FIG. 4 shows a method for forming an oxide film on the frame 1 mainly containing Fe and Cr of 10 to 32 wt%. In the figure, the inside of a furnace 11 is heated by a heating element 12 comprising a high-frequency power source for 600 minutes.
It is kept at a temperature of ~ 900 ° C. H ₂ O−
A gas 13 of H ₂ or CO ₂ —CO is supplied to form an oxidizing mixed atmosphere.

Therefore, the frame 1 is moved by the roller conveyor 14 to the furnace 11.
When it is put into the inside, it is heated to 600 to 900 ° C. in an oxidizing atmosphere, and an oxide film of Fe ₂ O ₃ , Fe ₃ O ₄ , FeO—Cr ₂ O ₃ , and Cr ₂ O ₃ is sequentially formed on the surface.

By performing such treatment, an oxide film can be easily formed on stainless steel, which is an oxidation-resistant alloy. Here, the frame 1 does not need to have fine irregularities in advance, but if irregularities are imparted in the same manner as in the above-described embodiment,
An oxide film is more easily formed.

〔The invention's effect〕

According to the present invention, since the shadow mask is made of mild steel, it can be manufactured at low cost. The frame is made of Fe and Cr10 ~ 32wt
By using stainless steel containing% as a main component, the frame can be manufactured at low cost. Further, by providing fine irregularities on a frame made of stainless steel which is an oxidation-resistant alloy, an oxide film is easily formed. Also, as a method of forming an oxide film on the frame, 600
An oxide film can be formed on stainless steel, which is an oxidation-resistant alloy, by performing a heat treatment at about 900 ° C.

[Brief description of the drawings]

FIG. 1 is a perspective view of a shadow mask structure according to an embodiment of the present invention, FIG. 2 is a cross-sectional view showing a method of manufacturing the shadow mask structure shown in FIG. 1, and FIG. 3 is a diagram illustrating the shadow mask of FIG. FIG. 4 is a sectional view showing a method of forming an oxide film on a frame. 1 ... frame, 2 ... spring, 3 ... shadow mask, 3a ... hole, 9 ... panel, 10 ... stud pin, 11 ... furnace, 12 ... heating element, 13 ... gas.

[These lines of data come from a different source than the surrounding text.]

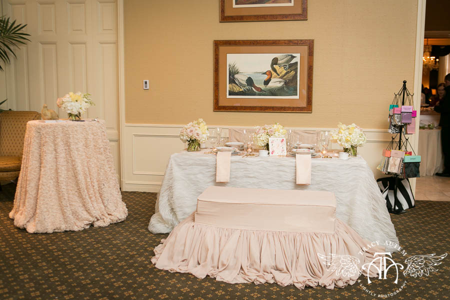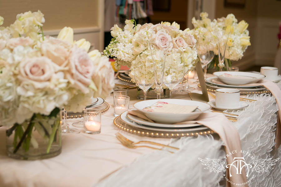 In addition to Weddings and Rehearsal Dinners, The Fort Worth Club also loves hosting Bridesmaid Luncheons and Showers. This feminine tablescape from La Tavola exemplifies the soft elegance of these fun-filled mid-day events and showcases some fabulous linens from their collection. All photos by Tracy Autem Photography.
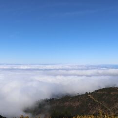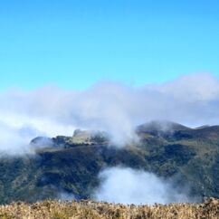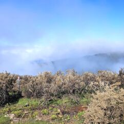 Der Rückweg führt über die Berge, die Wolken sind wieder unter uns und auf dem Weg nach unten fahren wir durch sie hindurch.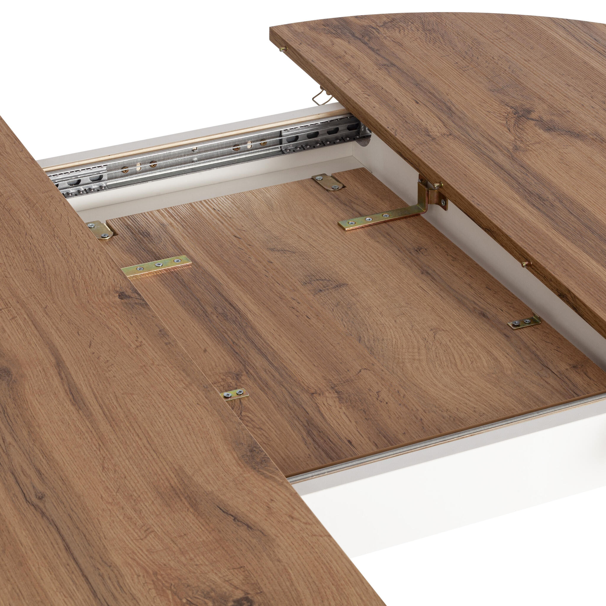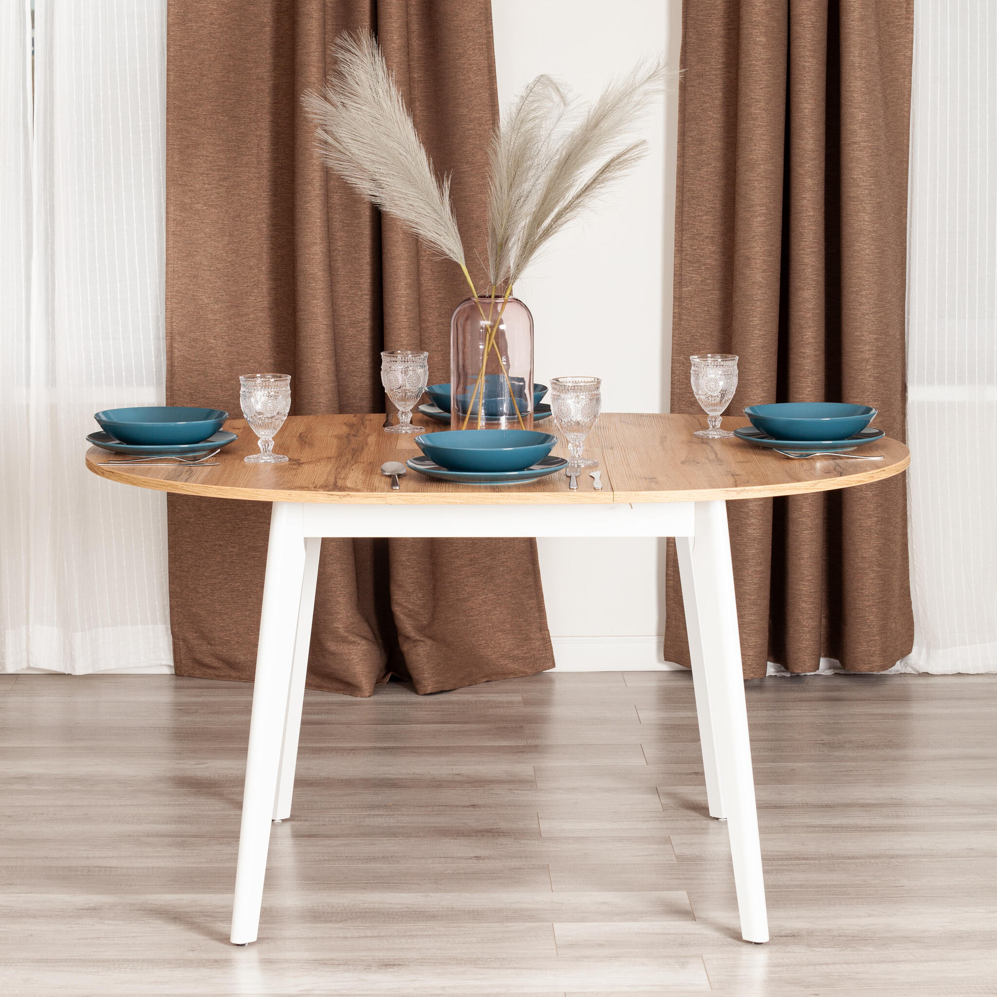 Одновременно простой и невероятно стильный обеденный стол SVELTO поможет создать уют и комфорт в вашем доме. Круглая столешница изготовлена из ЛДСП 18 мм, кромка выполнена из ABS 2мм. Такая поверхность обладает отличными эксплуатационными качествами, не требует сложного ухода, выдерживает воздействие жидкости и тепла, устойчива к возникновению порезов и царапин. Царговый пояс выполнен из ЛДСП 18 мм, кромка из ABS 0,5мм. Удобная конструкция стола с раздвижным механизмом бабочка поможет грамотно организовать пространство и комфортно разместить от четырех до шести человек. Модель не имеет острых углов, что является неоспоримым преимуществом при выборе предмета интерьера для дома. Ножки из массива березы основательны и надежны. Обеденный стол SVELTO удачно впишется в интерьер квартиры, загородного дома, кафе или ресторана. Контрастное сочетание белого основания и столешницы цвета Дуб Вотан выглядит стильно и непринужденно. Уникальная модель впечатлит своей прочностью, простотой в уходе и долговечностью, придаст помещению элегантность, изысканность и акцентирует внимание гостей на обеденной зоне. Стол поставляется в разобранном виде, необходима простая сборка по прилагаемой инструкции.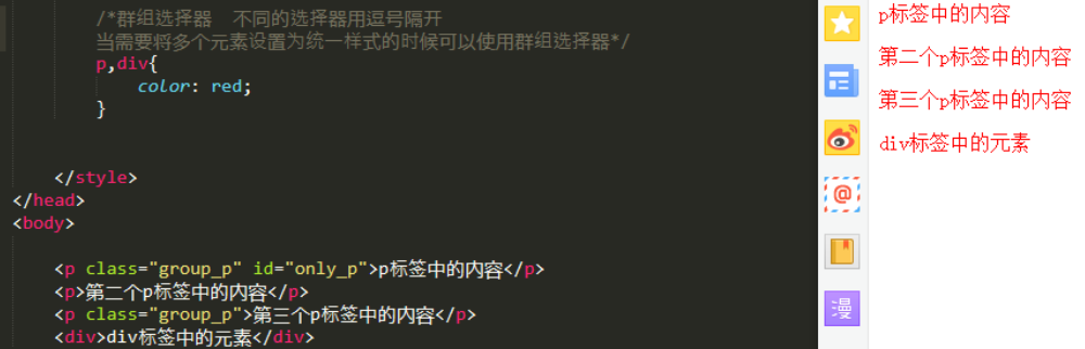 css选择器:css选择器可以为拥有指定属性的 HTML 元素设置样式,主要包含标签选择器器、类选择器、id选择器以及群组选择器等等.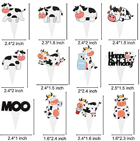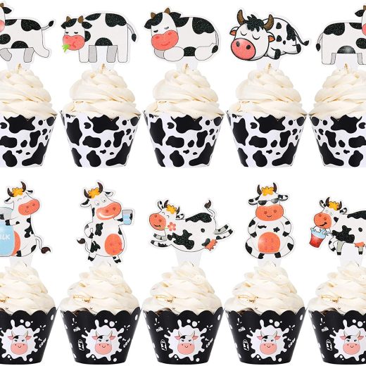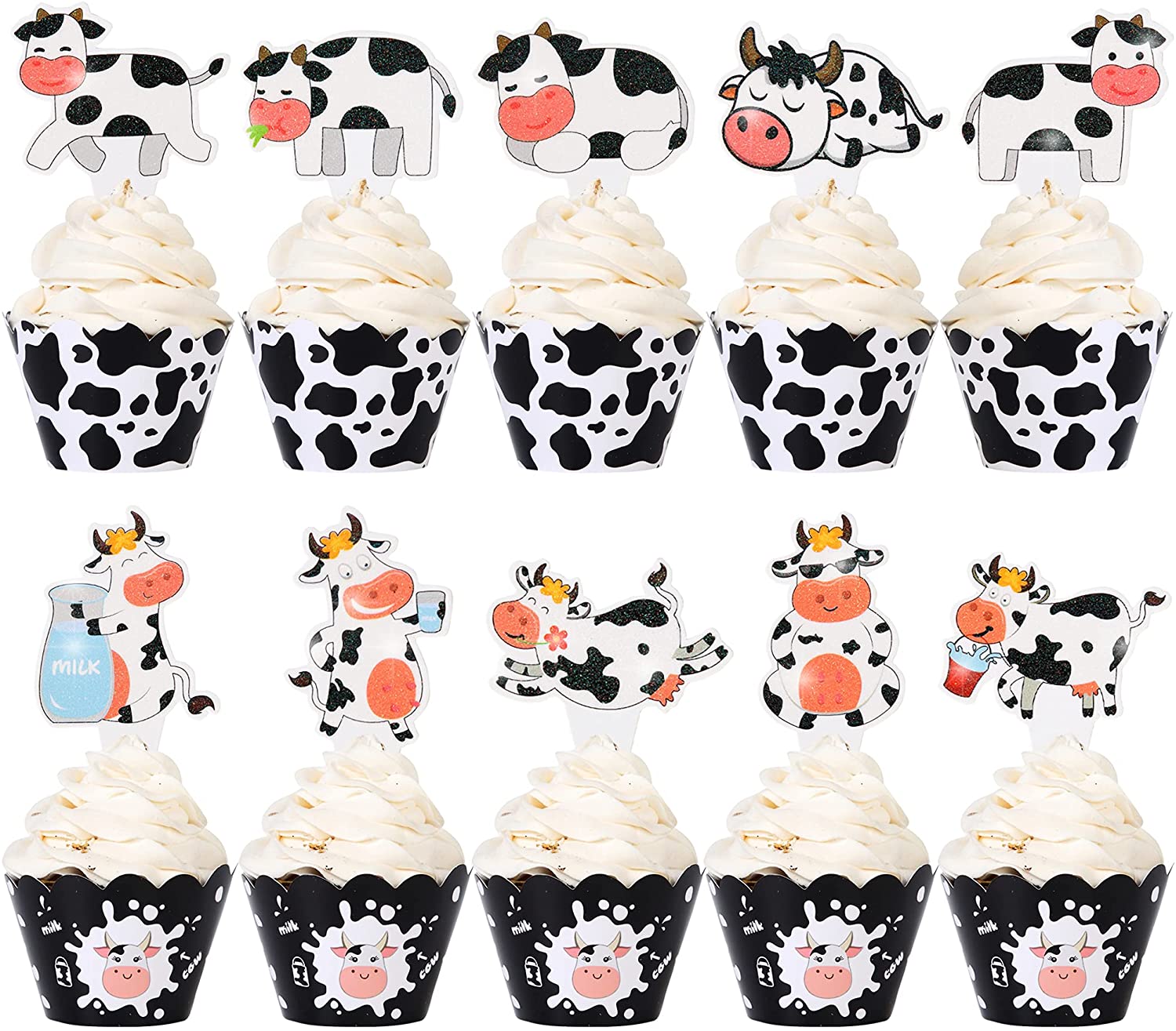 48Pcs Milk Cow Party Decoration Farm Theme Cake Cupcake Toppers Wrappers for Barnyard Party Kids Birthday Baby Shower Favor Supplies.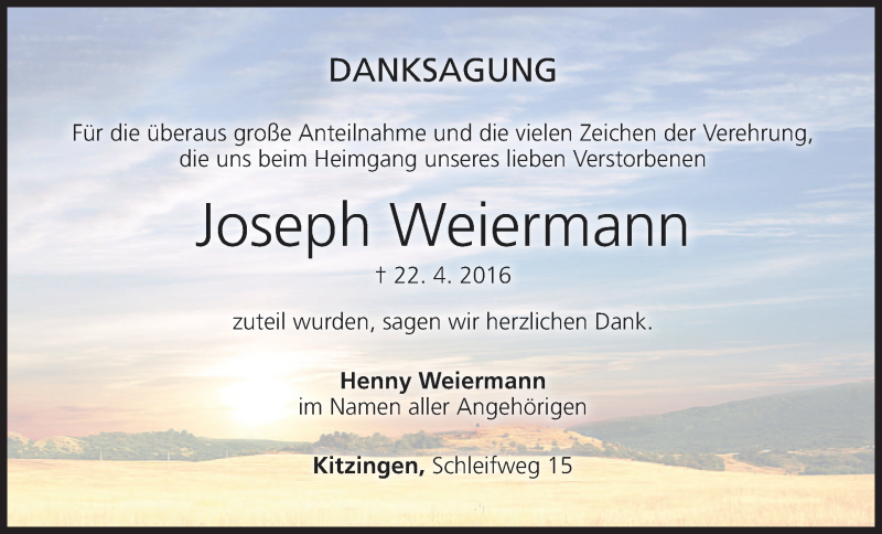 Hier finden Sie alle Traueranzeigen aus der Zeitung, die bisher für Joseph Weiermann erschienen sind. Weitere Traueranzeigen, die in der Zeitung erscheinen, werden hier ebenfalls aufgelistet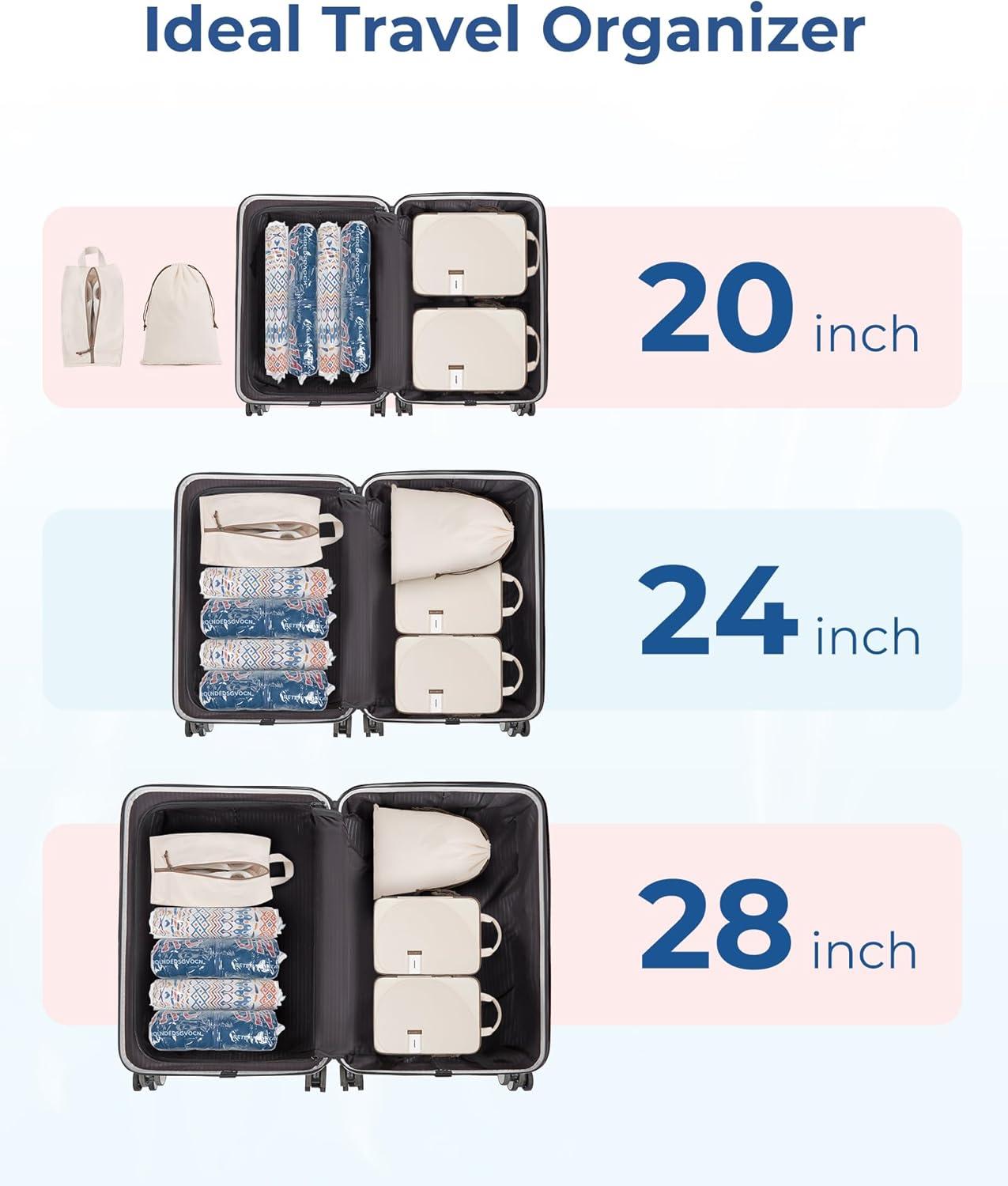 BAGSMART 8 Pcs Compression Packing Bags Set with 4 Pack Vacuum Bags Storage for Cruise Travel Essentials, Hand-rolled Space Saver Vacuum Storage Bags, Baby Pink

Continuation of the front page (72) Inventor Kumada Politics 3300 Hayano, Mobara-shi, Chiba Pref. JP-A-59-173244 (JP, A) JP-A-63-13240 (JP) JP-A-57-134847 (JP, A) JP-A-55-64333 (JP, A) JP-A-59-152556 (JP, U) (58) Fields investigated (Int. Cl. ⁶ , DB Name) H01J 27/07 H01J 9/14 C23C 8/18 C23C 38/00

Claims (6)

(57) [Claims] A frame, a spring fixed to the frame and engaged with a stud pin embedded in a panel, and fixed to the frame in a state where tension is applied;
In a shadow mask assembly comprising a metal plate and a shadow mask having a large number of holes formed therein, the frame may be at room temperature to 45 mm.
Fe with an average coefficient of thermal expansion up to 0 ° C (8-13) × 10 ^-6 / ° C
A shadow mask structure comprising stainless steel containing Cr in an amount of 10 to 32 wt% as a main component, wherein the shadow mask is made of mild steel. 2. The stainless steel as the material of the frame,
2. The shadow mask structure according to claim 1, wherein the content of Ti is less than 1 wt%. 3. The frame according to claim 1, wherein said frame has an oxide film formed on a surface thereof.
The shadow mask structure according to any one of the preceding claims. 4. The shadow mask structure according to claim 1, wherein said frame has fine irregularities on the surface and an oxide film is formed on the surface. 5. The method according to claim 1, wherein said oxide film is made of Fe ₂ O ₃ , Fe ₃ O ₄ , FeO-CrO ₃ , Cr ₂ O ₃ from the surface of stainless steel which is a material of the frame. 5. The shadow mask structure according to claim 3 or 4, wherein 6. The shadow mask structure according to claim 4, wherein said unevenness is 10 to 50 μm.